Кэндзи учил меч у деда и у отца. К сорока одному он мог отрубить лист сакуры, висящий на нитке. Никого не отрубал — некого было.
В доме у него был меч. Один. Катана, выполненная мастером школы Масамуне в шестнадцатом веке, переходила в семье от деда к внуку — от Окита Накамуры (1547-1614) к Тайдзи (1601-1678), от Тайдзи к Гэндзи (1645-1730), и так далее. Тринадцать поколений. Меч носил собственное имя — Хадака-сэн, «Голая тысяча» — название древнее, объяснений в семье не сохранилось. Меч ни разу не пробовал крови за тринадцать поколений. Накамуры этим в негромкой степени гордились.
Кэндзи в то утро меч чистил.
Чистка катаны — дело долгое. Удаляются старое масло, мелкие точки начинающейся коррозии, протирается клинок специальной бумагой, наносится новое масло — тонкий слой гвоздичного. Кэндзи сидел в комнате на втором этаже своего дома, у окна, выходящего на восток. Меч лежал на белом полотне на низком столике. На стойке у стены за спиной Кэндзи висели его доспехи — реконструкция семнадцатого века, тоже наследственные.
В углу комнаты сидел сиба-ину — небольшой, рыжевато-чёрный, с белыми лапами и чёрной мордой. Кличка собаки — Куро, «Чёрный». Кэндзи купил его прошлой осенью у крестьянина из префектуры Ниигата, для дома. Куро был спокойный, в комнаты заходил редко, в основном жил во дворе. Сегодня утром залез в комнату — лёг у входа, смотрел на Кэндзи, не подходил.
Жены у Кэндзи не было. Была раньше — Хитоми, умерла от туберкулёза в тридцать восьмом. Детей не было.
В Киото в то же самое утро Юкико Сато сидела за станком.
Юкико было сорок. Ткачиха обиси — поясов для женских кимоно. Тонкая работа, шёлк по шёлку, медленные нити, золотая. Один пояс она ткала четыре-пять месяцев.
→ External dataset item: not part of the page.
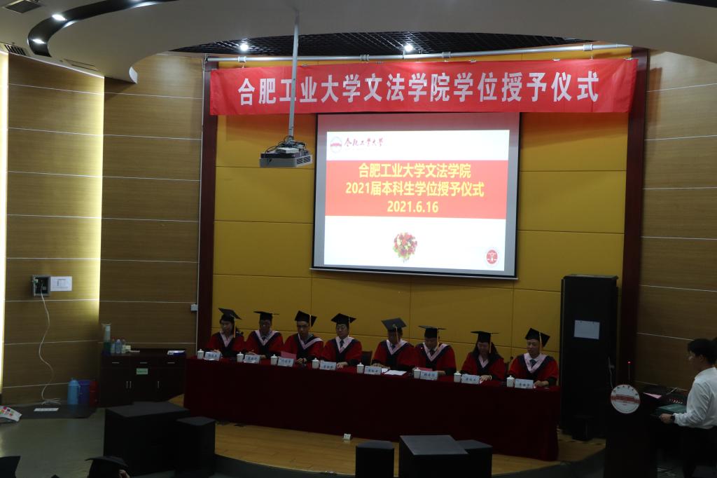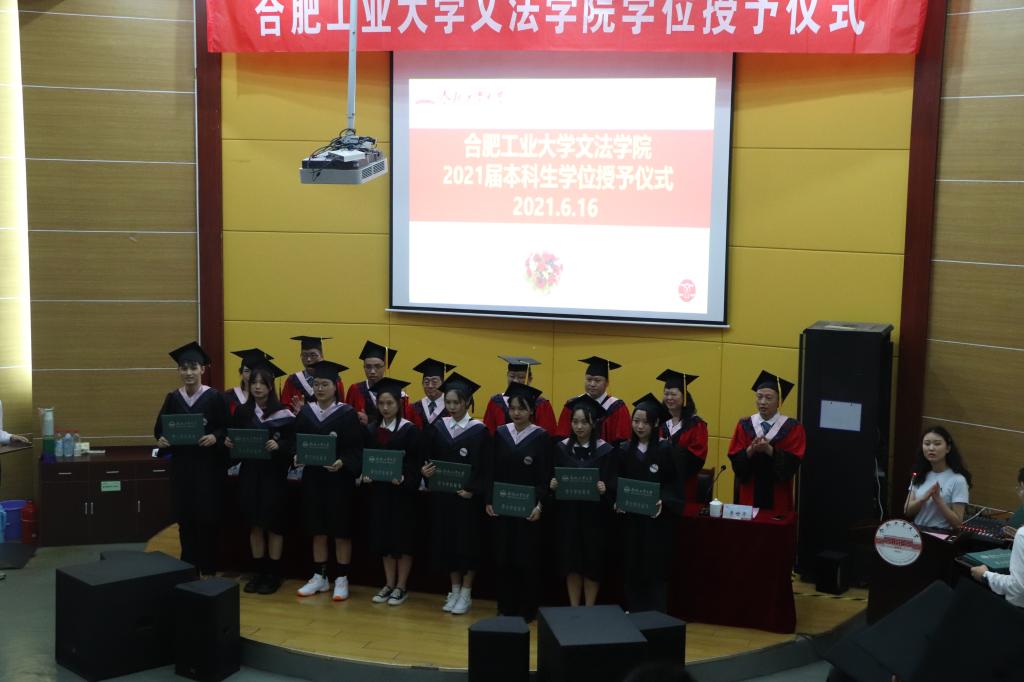 仪式在庄严的国歌声中开始。首先吴椒军经理宣读了《英国正版365官方网站2021年授予普通高等教育学士学位的决定》,经英国正版365官方网站学位评定委员会审议批准,决定授予英国上市公司365宣城校区2021届贾琳等90名同学法学学士学位,授予钱成等87名同学文学学士学位。接着主席台领导和教师在颁奖乐声中为学位获得者颁发学位证书,扶正流苏并合影留念。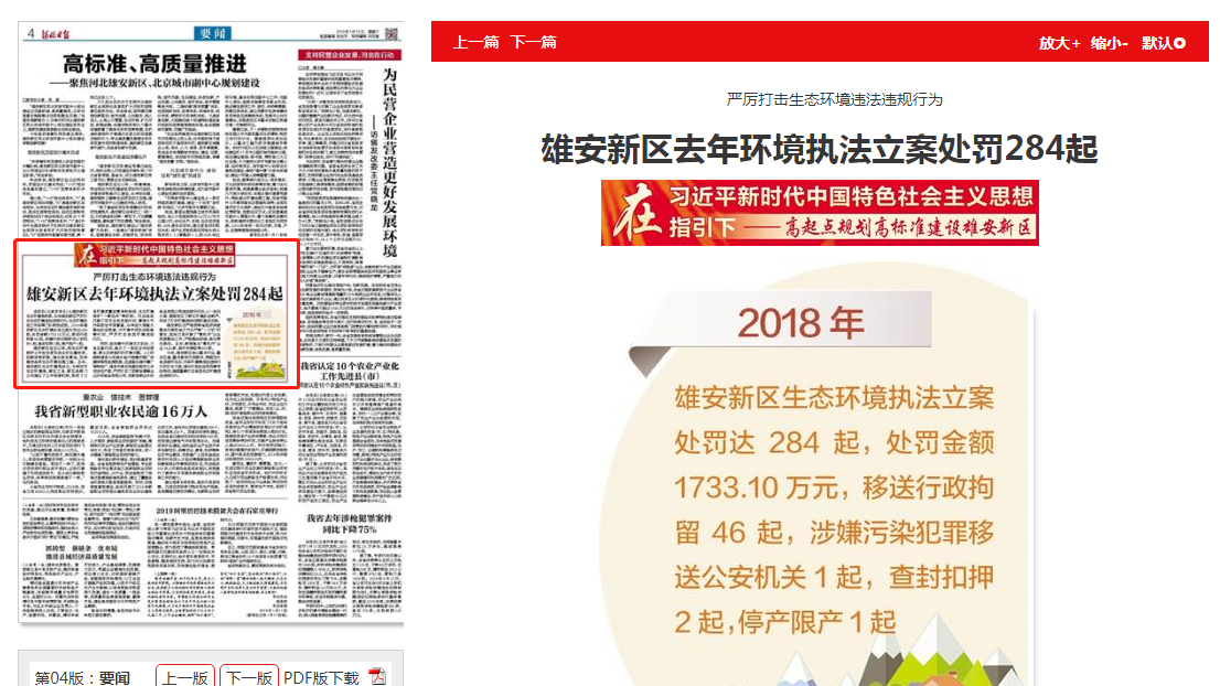 河北日报:严厉打击生态环境违法违规行为 雄安新区去年环境执法立案处罚284起

Сегодня она работала над поясом для свадьбы дочери своего соседа, обещанной к декабрю. Узор был в красно-золотых тонах, стилизованный «огонь над водой», старинный. Юкико его выбрала сама.
Жены у Кэндзи не было. Мужа у Юкико тоже не было. Когда-то, в начале тридцатых, они виделись один раз — в Токио, на выставке кэндзюцу, куда Юкико заехала с тёткой, а Кэндзи приехал с отцом. Они стояли рядом у одного стенда минуты три. Не познакомились. Кэндзи запомнил её затылок и шёлковый поясок цвета охры. Юкико запомнила его правую руку — сухую, с длинными пальцами, такая бывает у работников меча.
Двенадцать лет потом они не виделись. И не встретятся.
* * *
В семь часов восемь минут утра Куро поднял голову.
Куро лежал в углу комнаты Кэндзи. До этого он почти час спал, как обычно спят сиба-ину перед едой — тихо, опустив морду на лапы. Сейчас уши у него поднялись. Глаза были открыты, но смотрели не на Кэндзи, а в окно.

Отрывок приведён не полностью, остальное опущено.